È una cosa molto positiva il parlare di questi giorni in riferimento alle molestie e alle violenze subite dalle donne.
Nonostante in alcuni casi possa sembrare un vero e proprio gioco al massacro, in realtà rappresenta un incoraggiamento per le vittime affinché denuncino.
Non solo, è utile anche per le più inconsapevoli, per aiutarle a comprendere se e quando subiscono una molestia.
Purtroppo, sono ancora due i grandi problemi che non riusciamo a risolvere: il primo è aiutare le donne a denunciare in sicurezza, senza che abbiano paura di subire la vendetta del loro orco; il secondo è diffondere la cultura del rispetto di se stesse per arrivare ad ottenere la consapevolezza che le renda in grado di capire quando stanno subendo una molestia.
Ci sono infatti moltissime donne che davanti all’insistenza di un uomo cedono pensando che sia normale.

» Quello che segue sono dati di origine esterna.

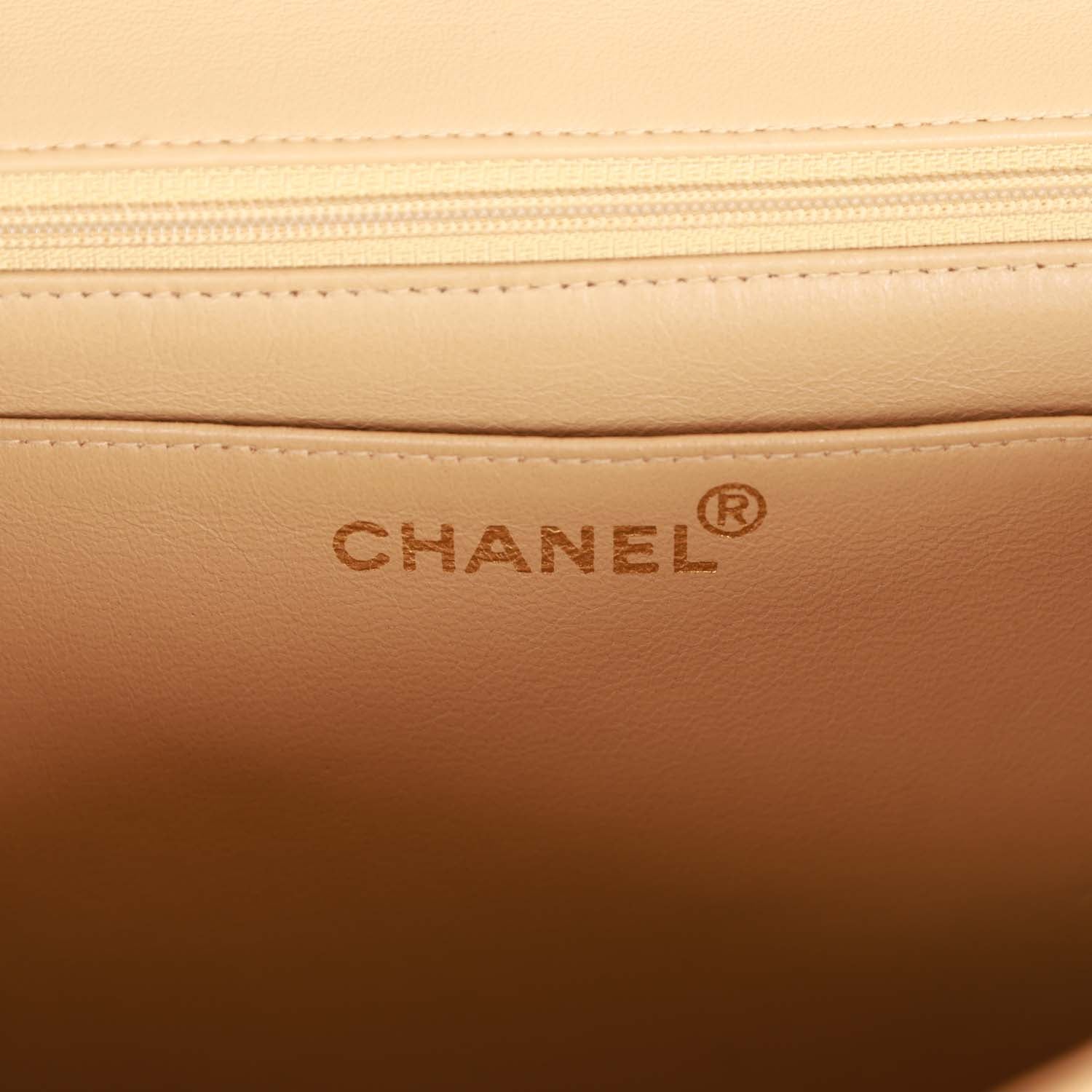 The interior is lined in Caramel Leather with one zip pocket with a classic CC logo pull and a slip pocket underneath.

Invece a queste donne va spiegato che le cose si fanno insieme, con il consenso di entrambi, che non ci deve essere uno che insiste sulla volontà dell’altro, perché non è normale e non è sano un approccio fisico deciso solo da uno dei due.
È sbagliato sentirsi colpevoli quando si è invece vittime di violenza, nessuno è colpevole di essere abusato, soprattutto se a quell’abuso ha reagito con un secco rifiuto.
Così come agli uomini, in particolare ai ragazzi giovani, va insegnata la cultura del rispetto dell’altra persona e della parità tra uomo e donna.
Bisogna incoraggiare le donne a dire di “no”, a non subire. E bisogna insegnare agli uomini a fermarsi quando una donna gli dice di “no”. Parafrasando la Littizzetto, anche quando una ha detto di sì a 99 uomini prima di te e tu sei il centesimo, un “no” resta comunque “no”.
A seguito delle denunce e del clamore mediatico di questo periodo c’è stato anche chi ha avuto il barbaro coraggio di affermare che denunciare dopo vent’anni una molestia o una violenza non avrebbe senso.
Queste affermazioni fanno rabbrividire, perché non è possibile pensare che un abuso abbia una data di scadenza.
Andare contro la vittima che denuncia non fa altro che rendervi complici del reato commesso dall’orco, che approfitta dell’omertà per nascondersi.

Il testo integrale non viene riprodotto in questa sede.